The problem
Given these entries, repeat exactly the lines starting with the one that has "H2O2, CuO, Сu2O." and going on through the one that has "Bracciale bimba mabina, 534127, collezione", both included, but none of the pictures.

─── Given entries

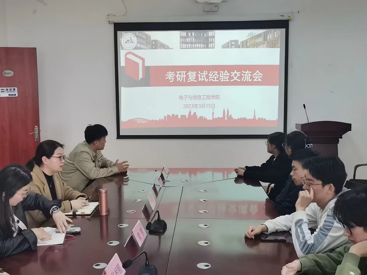 为做好2023届毕业生考研复试、调剂服务工作,提高复试成功率,新葡萄8883官网amg官网于3月15日以线上线下相结合的形式开展了考研复试经验交流会。会议邀请到来自电子科技大学、上海大学、上海理工大学以及我校的7位优秀校友分享复试经验,学院党委副书记周冬梅、光电信息科学与工程专业教师薛亮、就业专项负责人黄燕以及2023届考研学生参加此次活动。
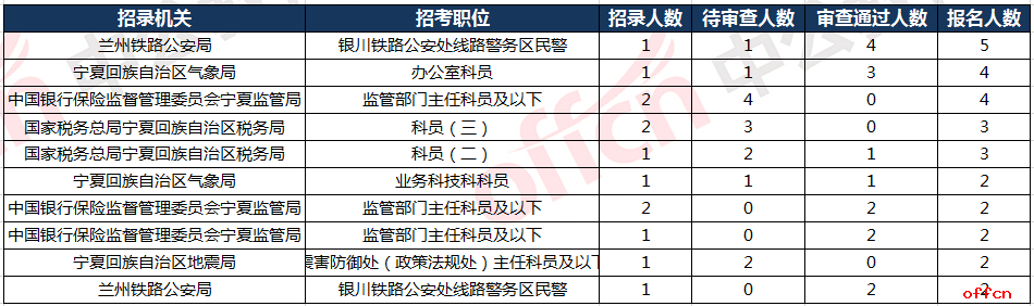 为帮助广大考生更清晰的了解今日报名情况,整理了报名人数前十位的职位,供广大考生参考:
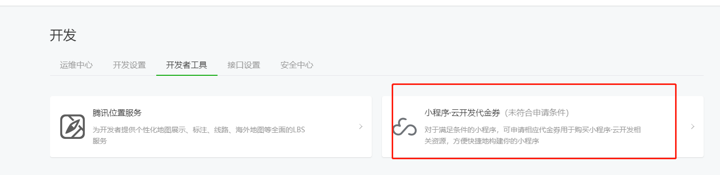 我想在开发者工具里面使用通讯云来调试后端。但我的该处页面显示小程序-云开发代金劵(未符合申请条件),不知道是什么原因引起的。我看的教学视频也这个页面不一样。需要热心的老司机指点指点。谢谢了。
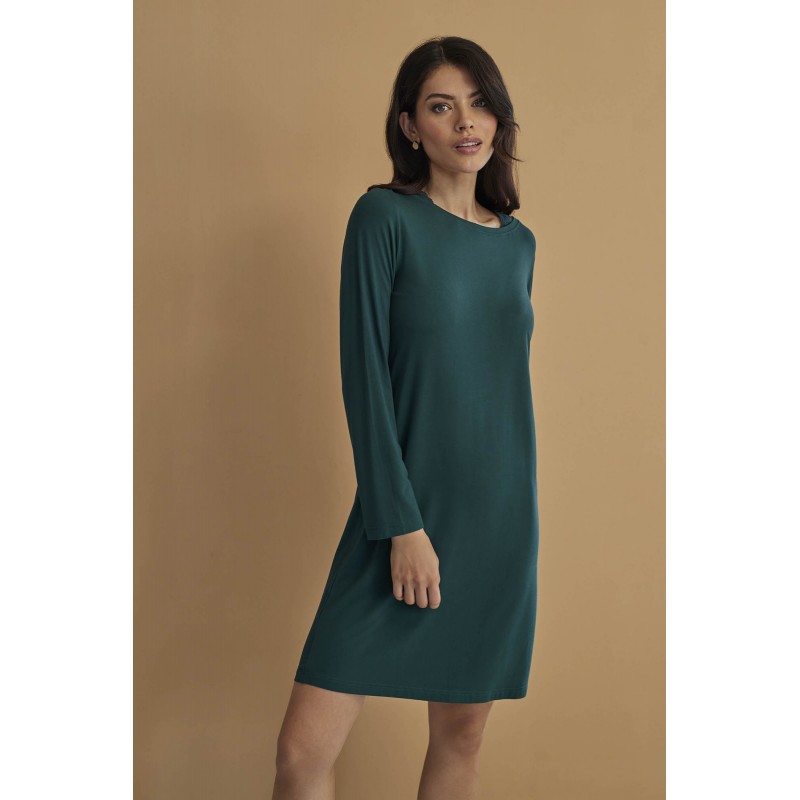 Long sleeve nightgown. A basic and comfortable design with a minimalist aesthetic to warmly enjoy the interior of the home.
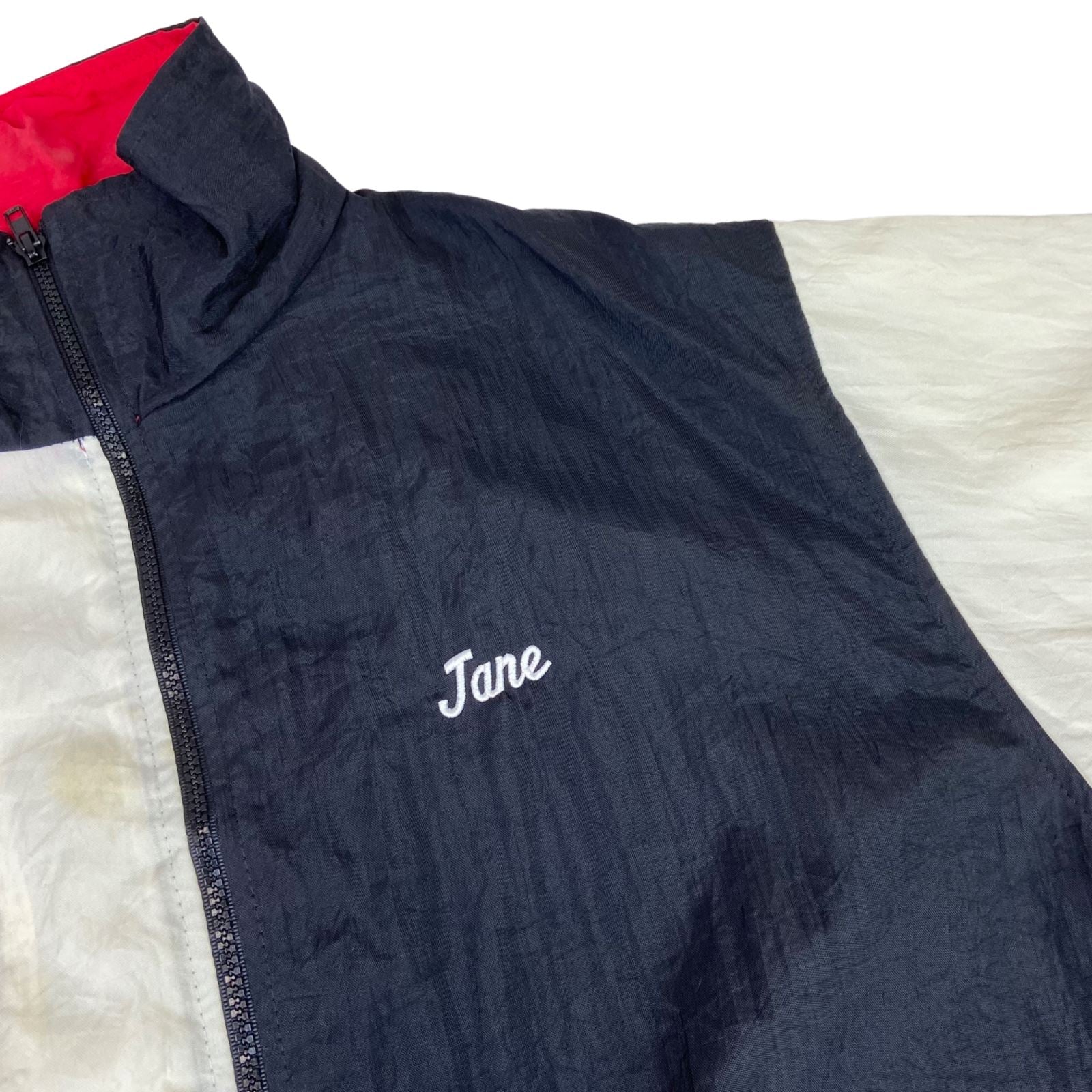 Here i have an original 1980s ladies shell/windbreaker jacket embroydered with a Carolina line-dancing troupe and the name “Jane” on the front
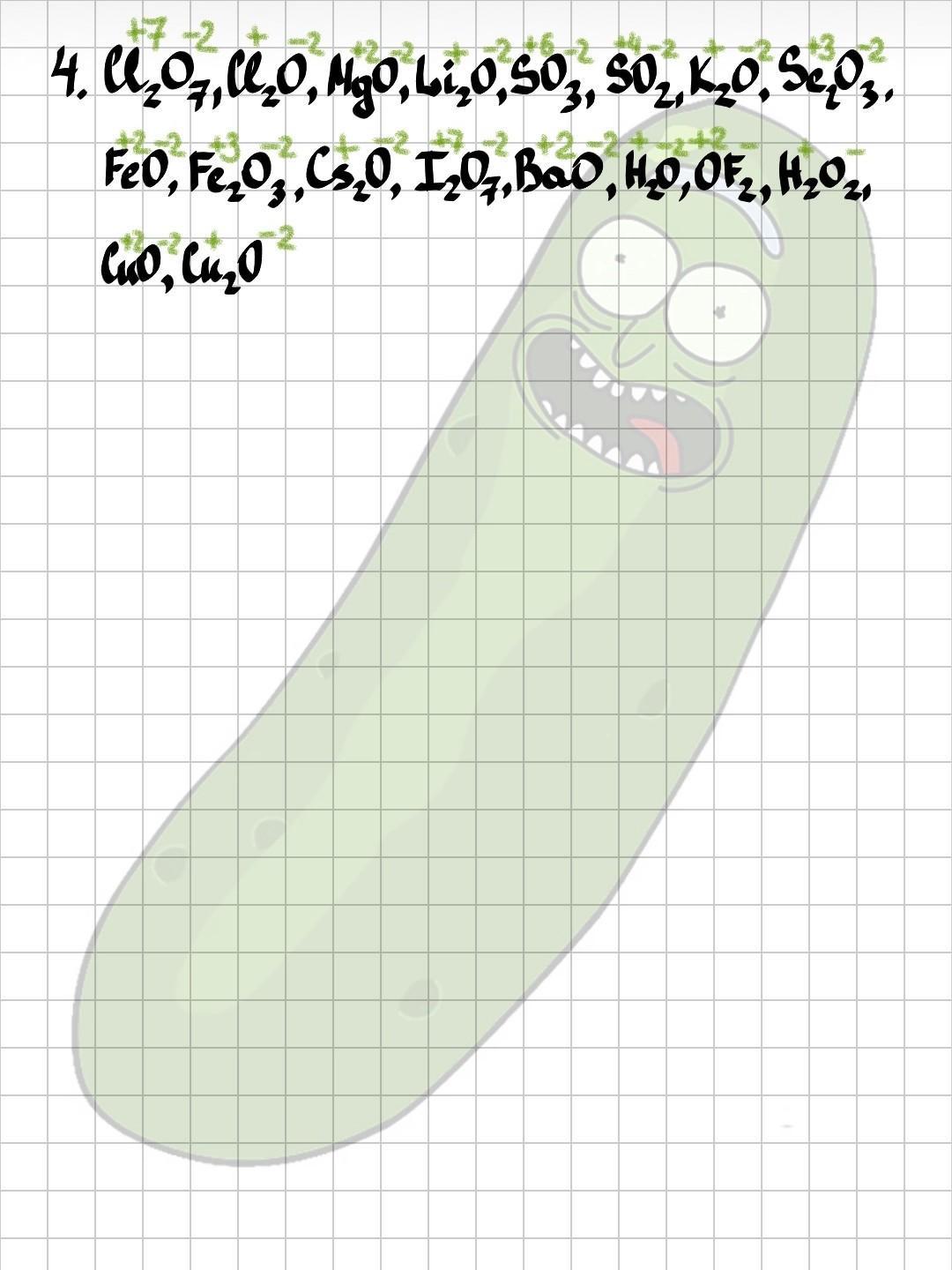 Cl2O7, Cl2O, MgO, Li2O, SO3, SO2, K2O, Sc2O3, FeO, Fe2O3, Cs2O, I2O7, BaO, H2O, OF2, H2O2, CuO, Сu2O.
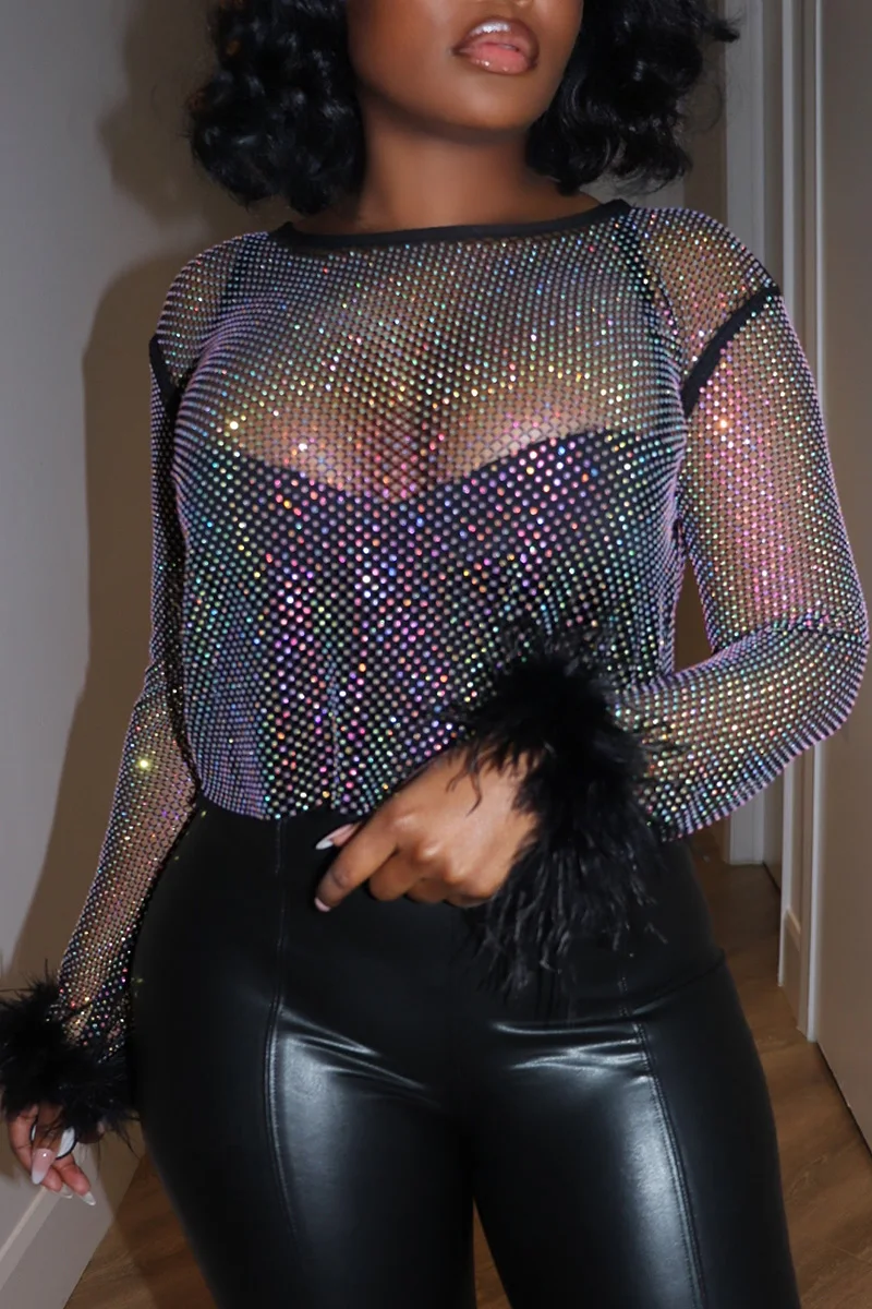This stunning top is not just a piece of clothing; it’s a celebration of style and individuality. The combination of sheer fabric, ornate feather detailing, and delicate sequins creates a captivating look that transitions effortlessly from casual outings to festive gatherings. Pair it with your favorite jeans for a chic streetwear vibe, or team it with a sleek skirt for an elegant evening affair.
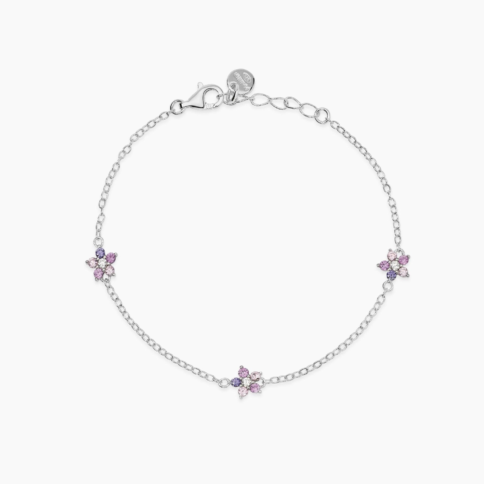 Bracciale bimba mabina, 534127, collezione argento junior, in argento rodiato e fiori in tormaline rosa sintetiche e zirconi multicolor.
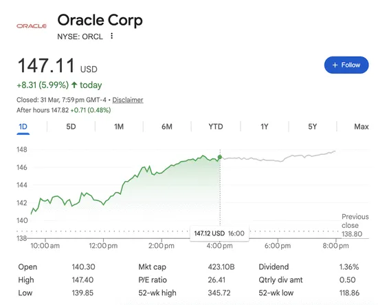 残酷的是,这种拿员工开刀的做法确实换来了立竿见影的短期资本狂欢。就在裁员消息爆出的周二当日,甲骨文股价收于每股147.11美元,大涨5.99%,并在盘后交易中依然维持了强劲的涨势。

──────

Solution to this problem
 Cl2O7, Cl2O, MgO, Li2O, SO3, SO2, K2O, Sc2O3, FeO, Fe2O3, Cs2O, I2O7, BaO, H2O, OF2, H2O2, CuO, Сu2O.
This stunning top is not just a piece of clothing; it’s a celebration of style and individuality. The combination of sheer fabric, ornate feather detailing, and delicate sequins creates a captivating look that transitions effortlessly from casual outings to festive gatherings. Pair it with your favorite jeans for a chic streetwear vibe, or team it with a sleek skirt for an elegant evening affair.
 Bracciale bimba mabina, 534127, collezione argento junior, in argento rodiato e fiori in tormaline rosa sintetiche e zirconi multicolor.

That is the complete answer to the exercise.